Why? There is a need (see above enumeration) to declaratively specify how an Eno file should look like. I do not want validation to creep into my code, like you do with `document.string('author', required: true)`. This just scares the hell out of me. Say you want to parse some Eno file with different languages, you also end up replicating validation, which mains you end up maintaining it, or rather not maintaining it... Apply leverage by moving validation into your parser.

Another thing is that it appears you are implementing the parsers by hand instead of using a parser generator that consumes a grammar for Eno. What is your reasoning behind this? Is it performance? Did you benchmark using generated parsers (maybe wrapped in a nice API)?
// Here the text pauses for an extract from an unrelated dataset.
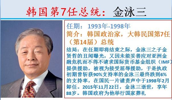7.韩国第7任总统:金泳三,任期: 1993年-1998年。
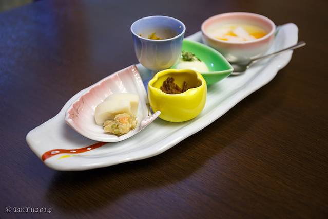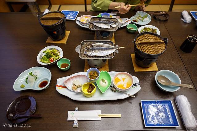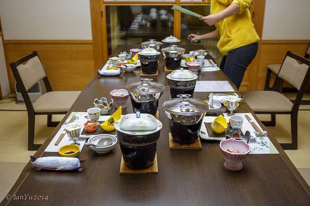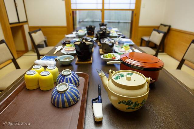 还是昨天那个包间,没有坐到大堂边看富士山边吃饭挺可惜的,但包间私密性好,各有利弊吧。早饭的隆重模式不亚于昨晚,一样是一堆碗碟,晚上吃肉早上吃鱼,我看看就这差别,哦,还有个蒸蛋,那个鲜滑可口哦,面饭主食也一个不缺。看忙碌着的妇人不得空,想自己去泡个茶,结果人家像被触了电似的赶紧把我推回座位。看样子是我越了红界失礼了,sorry啊!

As someone who has worked has written parsers & worker with generated parsers, to add to what OP has said about performance, from my experience there is a lot of noise that comes from a generated parser, and interacting with the code/output is quite unpleasant.
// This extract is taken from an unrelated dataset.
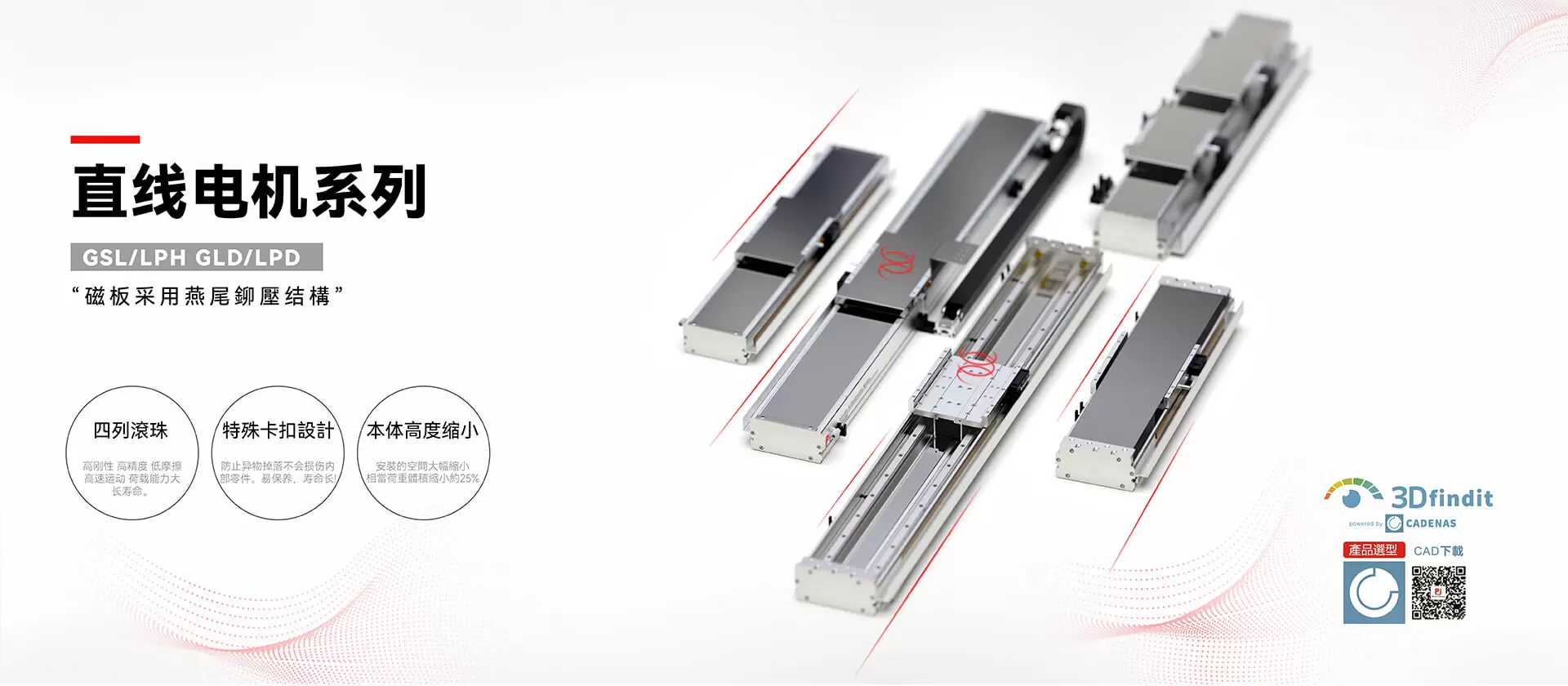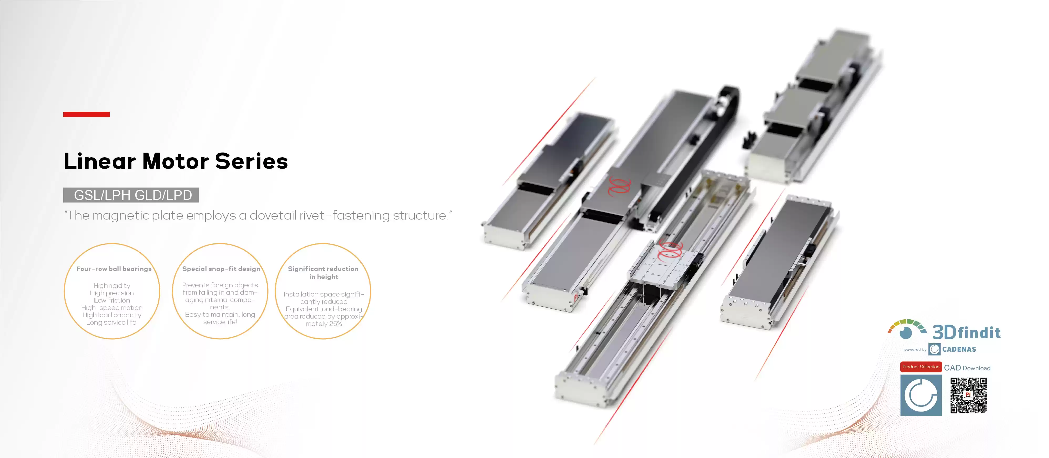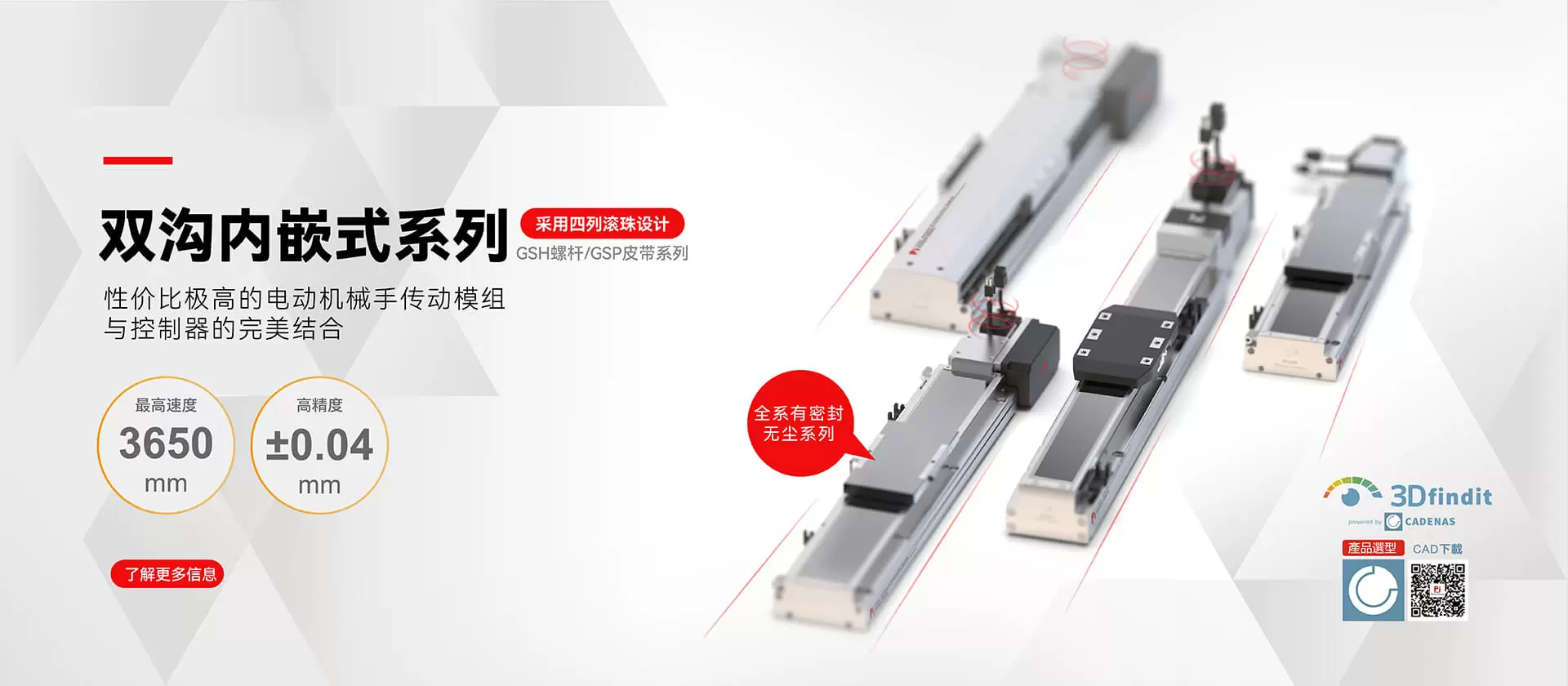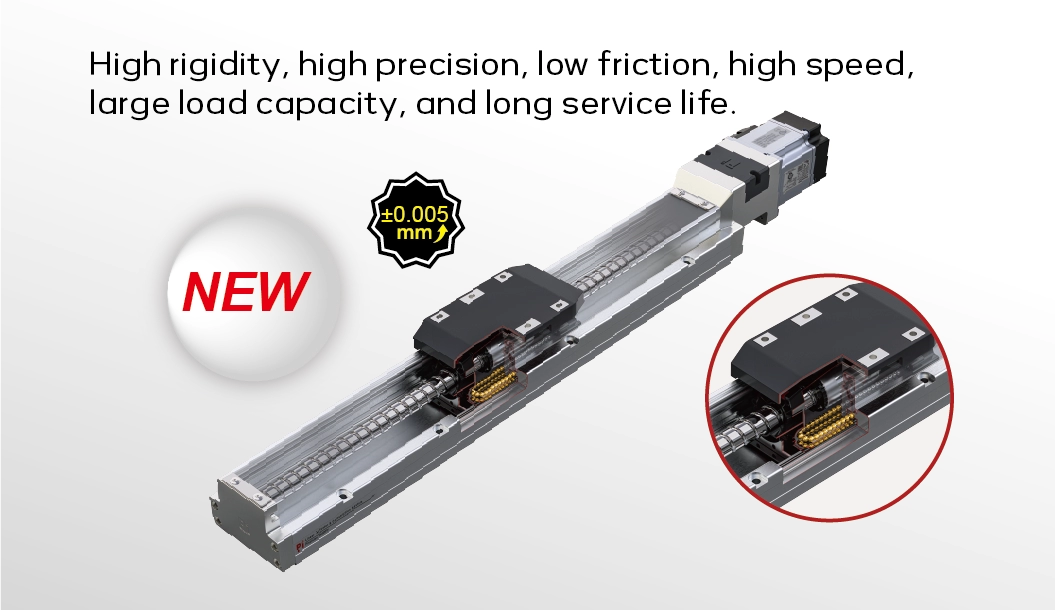 高精度、高効率、強力な耐荷重性を備え、有効荷重は最大150kgです。4列ボール構造、4面力支持

Also you have to decide on checking in garbage generated code into your source or adding a build step so you don’t check the code in (which is less trivial for certain languages/stacks).

Unless I’m making an MVP or a prototype I would write the parser. It’s not as hard as it sounds


Yay thanks for the detailed input!

If there is demand or initiative for a portable schema solution I'll gladly support it! The native architecture in the eno libraries is programmatic because that does have its own powerful merits which are employed to the fullest in the API design, like always there's not one best choice, and the 'validation creeping into code' can be turned around into 'external schema definition creeping out of line with code' just as well. ;) Do you have some concrete usecase in mind or planned where we could explore how a portable schema solution could look like for eno? Drafting things from various real life use cases has worked great for eno so far, so that's the route I would love to go here too if we follow that track!

Custom parser implementation is easier to answer: By now I've iterated through dozens of custom parser designs for eno in multiple languages, and I'm pretty much confident that generated parsers will not stand a chance of being faster, they after all do the same thing as I do, only I can't really hand-optimize what they produce afterwards. :) You can study the benchmarks I linked to under [3], there are some generated TOML parsers included with rather disappointing performance to put it mildly, and as it stands there's not much that's faster than the eno parsers in YAML/TOML land anyway, so I have low incentive to experiment in that domain currently. :) Long term goal is to (optionally) integrate (generated or custom) C (respectively Rust) parser cores through native bindings as well, so that will bring up this question again then for sure.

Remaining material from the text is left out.